(WHAT TO PRODUCE):
Once the line holding "Delete the files" is written out, stop; begin at the first line of the material below and retype exactly, dropping pictures.

(SOURCE MATERIAL):
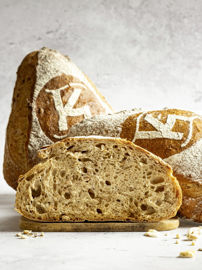 Le Pain Karabé est une invitation à un voyage sensoriel vers des saveurs chaudes et terreuses. Mélange polyvalent qui se décline sous différents formats, ce pain rustique offre un ancrage fort à la terre. Composé d’un savant duo de graines souchet-épeautre dont les racines sont profondément présentes dans les pays du pourtour méditerranéen, son goût est légèrement sucré avec des notes de noisette, sa texture croquante et granuleuse, et sa mie ambrée, alvéolée et moelleuse.
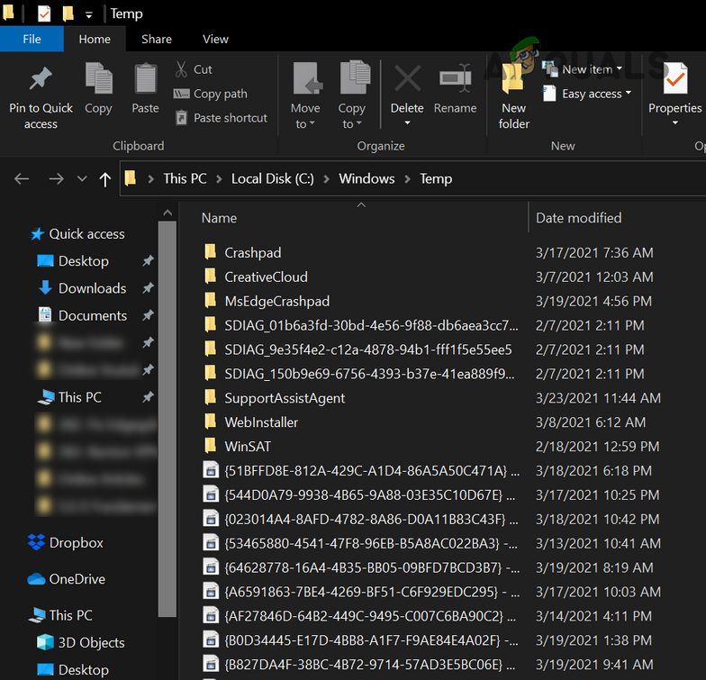 Delete the files in the Temp Folder - Then delete all the contents of the temp folder and open This PC (in the left pane of the window).
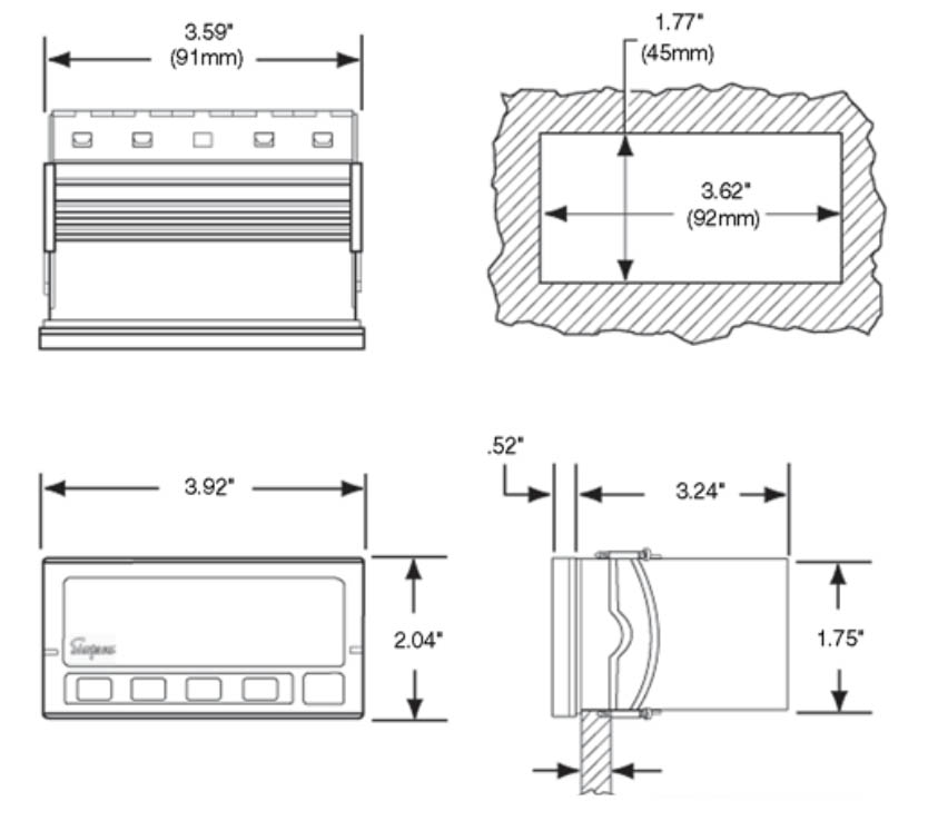 The Simpson Electric Hawk 3 Advanced Digital Panel Meter/Controller has both 3-1/2 and4-1/2 digit displays. All LEDs are 7 segment and offer 5 brightness levels.This high quality instrument has user-programmable parameters, all set from the front panel ineasy to understand terminology. The display shows activated set point indicators (up to four).The keypad buttons have both audible and tactile feedback to prevent keystroke errors. The Hawk 3 Series is very diverse offering multiple panel meters that include, DC Voltmeters, DC Ammeters, AC Voltmeters, AC Ammeters, and Ohmmeters. With the Hawk 3 Series all parameters set from easy to understand front panel access. There is an option of having one, two or four 5 amp relays. The Hawk 3 Series features five user selectable brightness levels, peak/valley and password lockout. Mounting Requirements
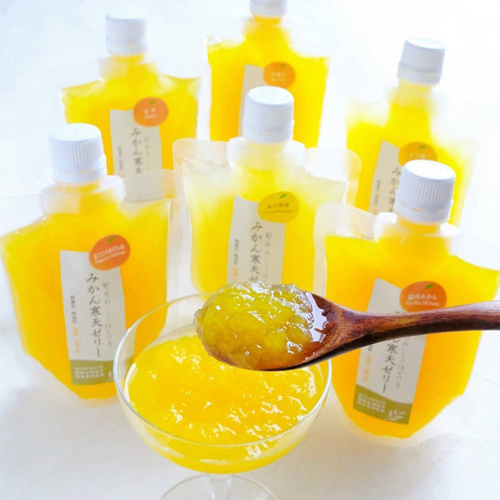 ■当社をはじめとする愛媛県八幡浜市のおいしいみかんで作った飲みやすい寒天ゼリーの8本セット
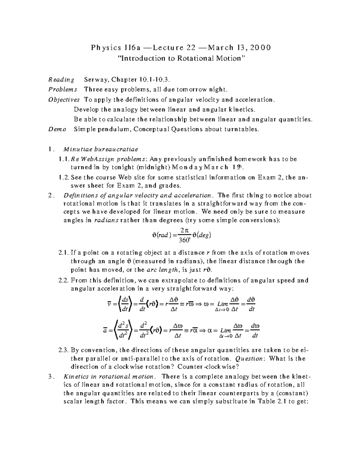 Phys 116a Lecture 22 - Ph ys ics 116 a — Le ctu re 2 2 — March 13 , 2 0 ...
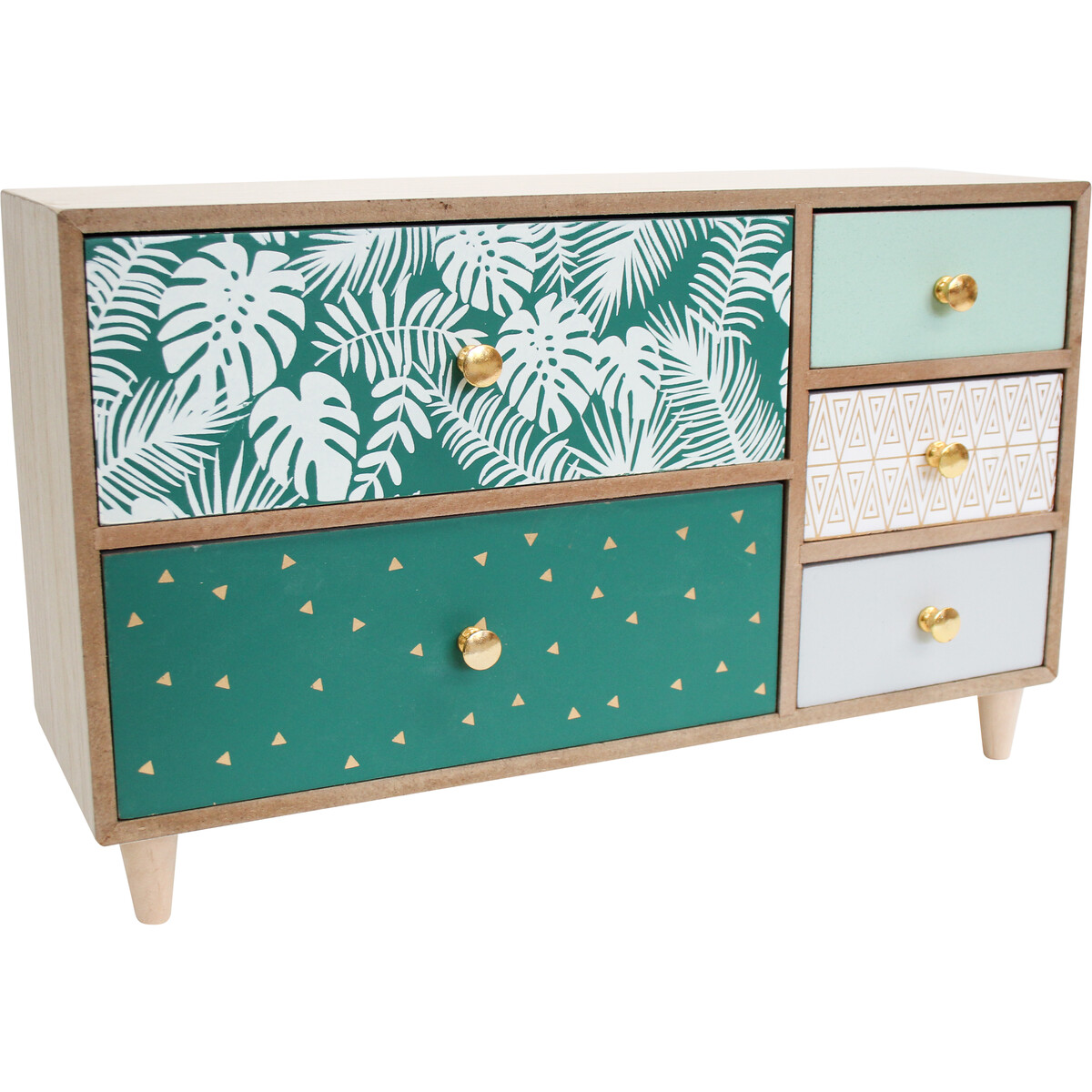 We’re still not sure what we love more about our Indie 4 Jewellery Drawers - the gorgeous tropical green and gold palette, or the perfect size for all your most-loved pieces. This 32.5 x 11 x 20cm organiser looks like a little sideboard, but it’s actually a clever, compact way to keep jewellery, cosmetics or any small essentials safe and sorted in five drawers. We’ve made it from sturdy MDF, and the gold hardware detail just makes those palm leaves pop.

(RESPONSE TO THE EXERCISE):
 Le Pain Karabé est une invitation à un voyage sensoriel vers des saveurs chaudes et terreuses. Mélange polyvalent qui se décline sous différents formats, ce pain rustique offre un ancrage fort à la terre. Composé d’un savant duo de graines souchet-épeautre dont les racines sont profondément présentes dans les pays du pourtour méditerranéen, son goût est légèrement sucré avec des notes de noisette, sa texture croquante et granuleuse, et sa mie ambrée, alvéolée et moelleuse.
 Delete the files in the Temp Folder - Then delete all the contents of the temp folder and open This PC (in the left pane of the window).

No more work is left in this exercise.